[c] What is the argument for printf that formats a long?

The printf function takes an argument type, such as %d or %i for a signed int. However, I don't see anything for a long value.

This question is related to c printf long-integer

The answer is


I think you mean:

unsigned long n;
printf("%lu", n);   // unsigned long

or

long n;
printf("%ld", n);   // signed long

In case you're looking to print unsigned long long as I was, use:

unsigned long long n;
printf("%llu", n);

For all other combinations, I believe you use the table from the printf manual, taking the row, then column label for whatever type you're trying to print (as I do with printf("%llu", n) above).
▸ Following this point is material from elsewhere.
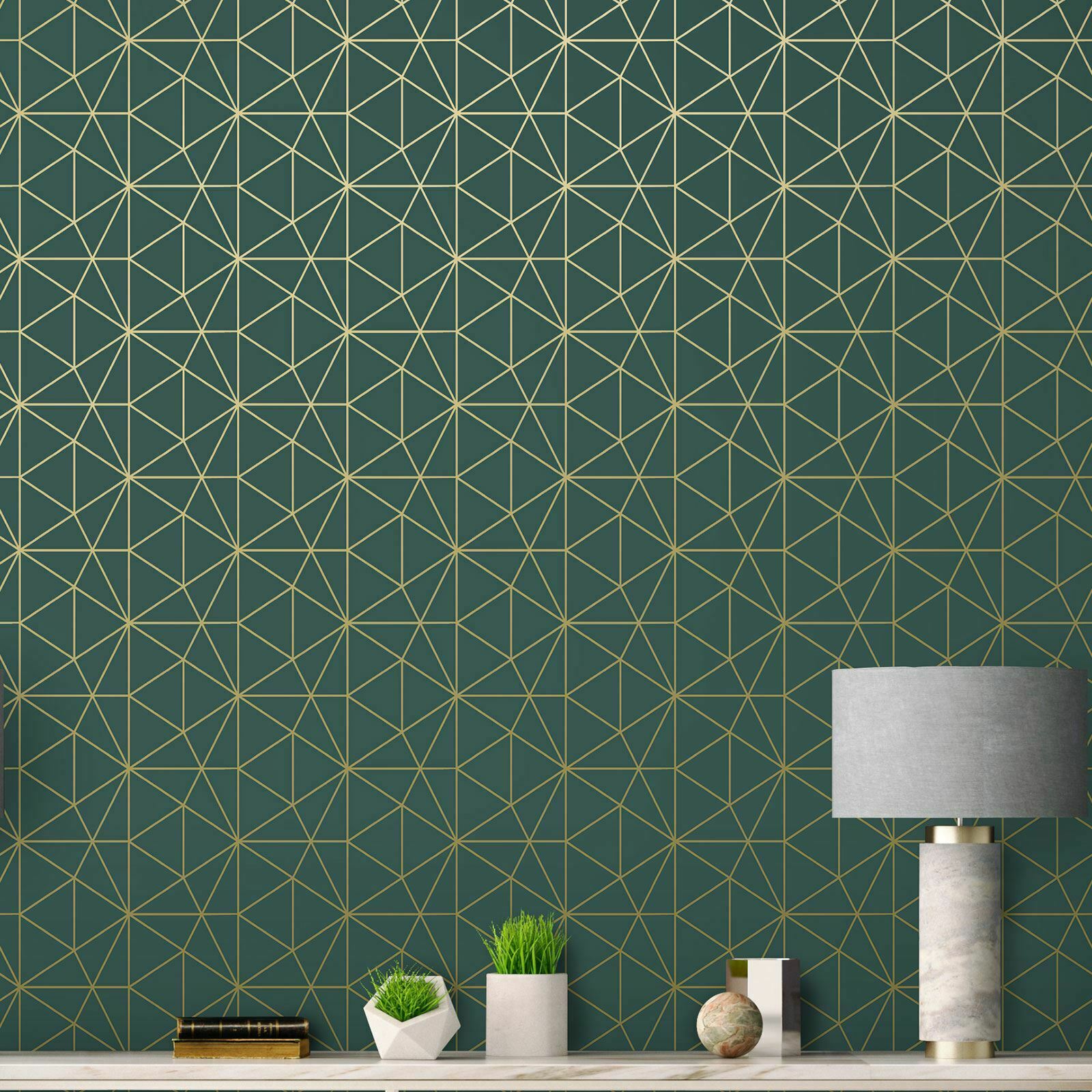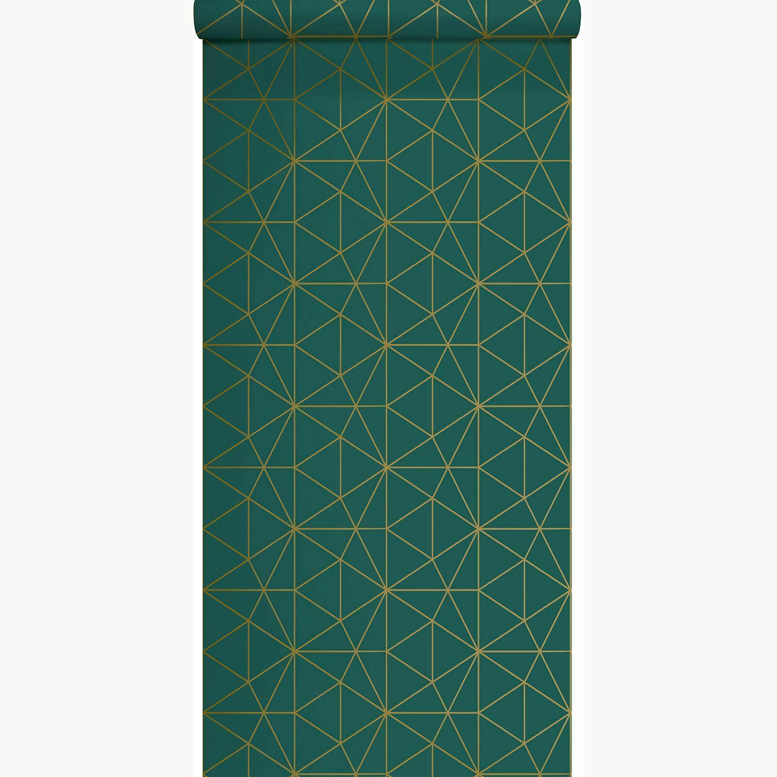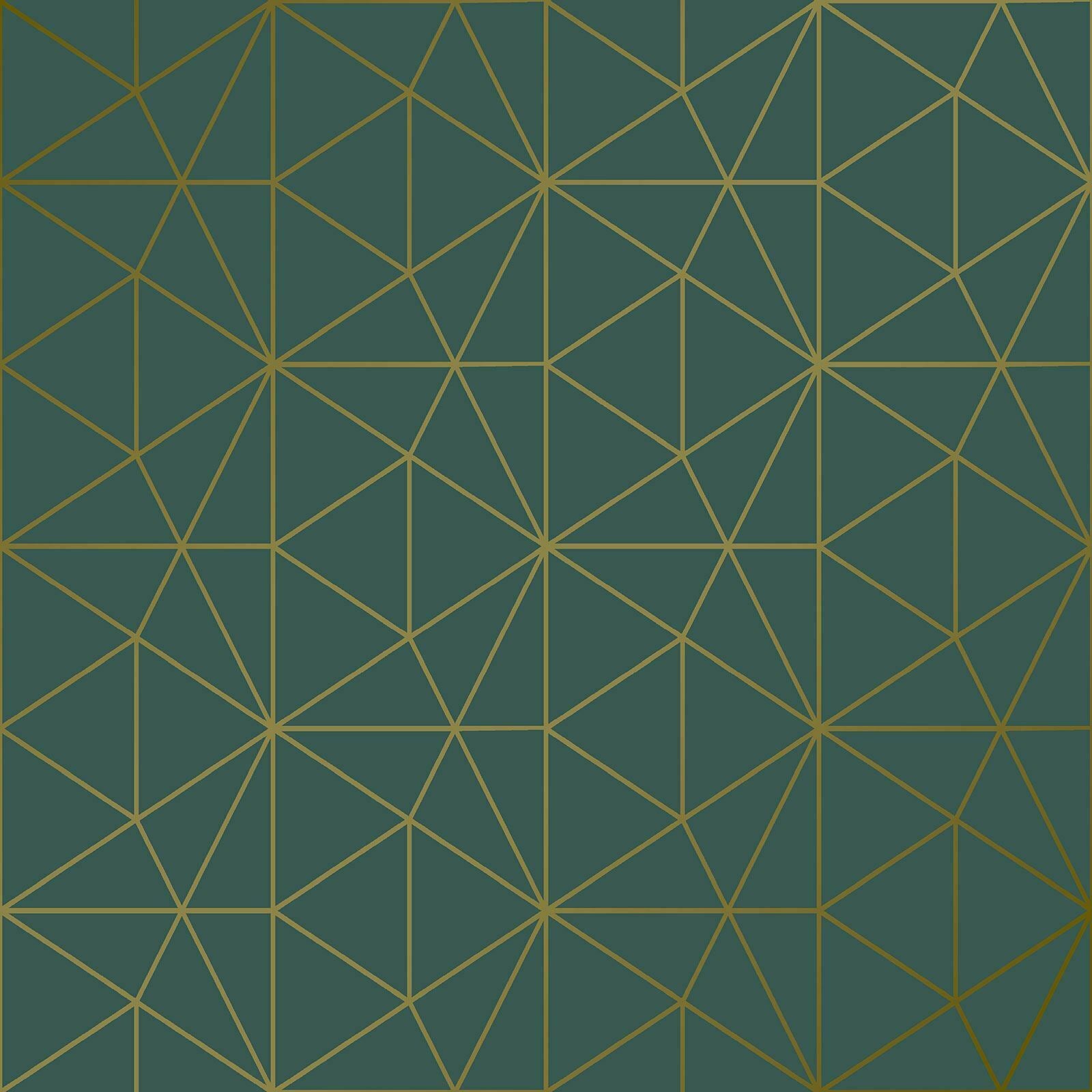 METRO PRISM WALLPAPER TRIANGLE GEOMETRIC WOW037 GOLD / EMERALD GREEN LUXURY

On most platforms, long and int are the same size (32 bits). Still, it does have its own format specifier:

long n;
unsigned long un;
printf("%ld", n); // signed
printf("%lu", un); // unsigned

For 64 bits, you'd want a long long:

long long n;
unsigned long long un;
printf("%lld", n); // signed
printf("%llu", un); // unsigned

Oh, and of course, it's different in Windows:

printf("%l64d", n); // signed
printf("%l64u", un); // unsigned

Frequently, when I'm printing 64-bit values, I find it helpful to print them in hex (usually with numbers that big, they are pointers or bit fields).

unsigned long long n;
printf("0x%016llX", n); // "0x" followed by "0-padded", "16 char wide", "long long", "HEX with 0-9A-F"

will print:

0x00000000DEADBEEF

Btw, "long" doesn't mean that much anymore (on mainstream x64). "int" is the platform default int size, typically 32 bits. "long" is usually the same size. However, they have different portability semantics on older platforms (and modern embedded platforms!). "long long" is a 64-bit number and usually what people meant to use unless they really really knew what they were doing editing a piece of x-platform portable code. Even then, they probably would have used a macro instead to capture the semantic meaning of the type (eg uint64_t).

char c;       // 8 bits
short s;      // 16 bits
int i;        // 32 bits (on modern platforms)
long l;       // 32 bits
long long ll; // 64 bits 

Back in the day, "int" was 16 bits. You'd think it would now be 64 bits, but no, that would have caused insane portability issues. Of course, even this is a simplification of the arcane and history-rich truth. See wiki:Integer


It depends, if you are referring to unsigned long the formatting character is "%lu". If you're referring to signed long the formatting character is "%ld".


I think to answer this question definitively would require knowing the compiler name and version that you are using and the platform (CPU type, OS etc.) that it is compiling for.